Assignment: Could you give back exactly the lines below from the one with "Silver Tip® 5221" through the one with "Decimoquinta dominica de trinidad 2016", without a single picture?

Information provided:
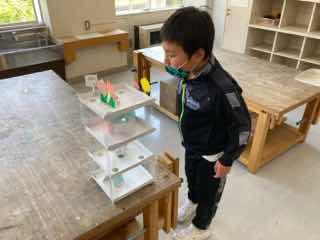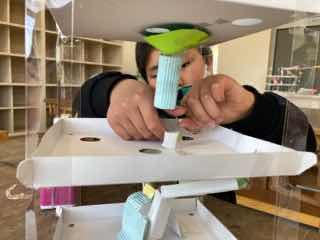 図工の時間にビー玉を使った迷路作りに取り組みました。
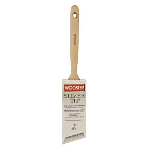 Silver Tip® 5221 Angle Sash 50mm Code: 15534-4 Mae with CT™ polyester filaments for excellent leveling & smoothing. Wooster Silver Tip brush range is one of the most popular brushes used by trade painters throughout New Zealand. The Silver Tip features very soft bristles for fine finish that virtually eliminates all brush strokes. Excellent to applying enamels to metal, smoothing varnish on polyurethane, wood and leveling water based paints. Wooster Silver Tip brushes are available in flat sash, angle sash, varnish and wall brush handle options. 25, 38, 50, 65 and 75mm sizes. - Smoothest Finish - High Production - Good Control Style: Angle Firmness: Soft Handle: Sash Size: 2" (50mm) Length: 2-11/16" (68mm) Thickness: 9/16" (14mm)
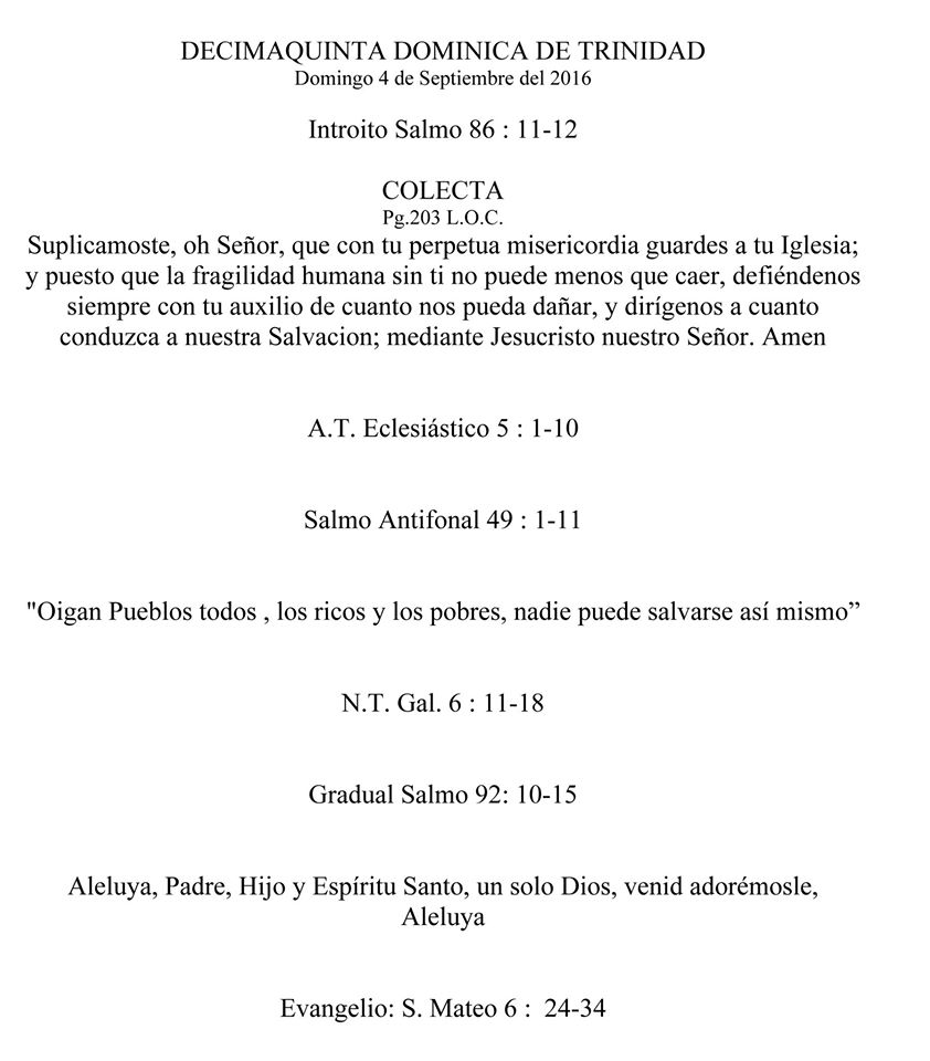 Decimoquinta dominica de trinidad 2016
==
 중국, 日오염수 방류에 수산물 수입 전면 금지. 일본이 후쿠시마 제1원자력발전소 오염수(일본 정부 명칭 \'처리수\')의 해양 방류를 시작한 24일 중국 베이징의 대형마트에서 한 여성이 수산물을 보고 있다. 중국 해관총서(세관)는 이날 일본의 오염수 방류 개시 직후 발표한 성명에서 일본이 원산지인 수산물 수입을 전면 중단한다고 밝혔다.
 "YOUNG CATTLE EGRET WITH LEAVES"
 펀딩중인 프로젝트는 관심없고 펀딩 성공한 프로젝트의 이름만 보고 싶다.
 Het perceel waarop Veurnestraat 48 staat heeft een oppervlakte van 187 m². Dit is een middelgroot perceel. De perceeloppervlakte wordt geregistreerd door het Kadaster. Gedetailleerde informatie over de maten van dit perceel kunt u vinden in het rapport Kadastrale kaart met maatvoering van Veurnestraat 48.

Worked solution:
 Silver Tip® 5221 Angle Sash 50mm Code: 15534-4 Mae with CT™ polyester filaments for excellent leveling & smoothing. Wooster Silver Tip brush range is one of the most popular brushes used by trade painters throughout New Zealand. The Silver Tip features very soft bristles for fine finish that virtually eliminates all brush strokes. Excellent to applying enamels to metal, smoothing varnish on polyurethane, wood and leveling water based paints. Wooster Silver Tip brushes are available in flat sash, angle sash, varnish and wall brush handle options. 25, 38, 50, 65 and 75mm sizes. - Smoothest Finish - High Production - Good Control Style: Angle Firmness: Soft Handle: Sash Size: 2" (50mm) Length: 2-11/16" (68mm) Thickness: 9/16" (14mm)
 Decimoquinta dominica de trinidad 2016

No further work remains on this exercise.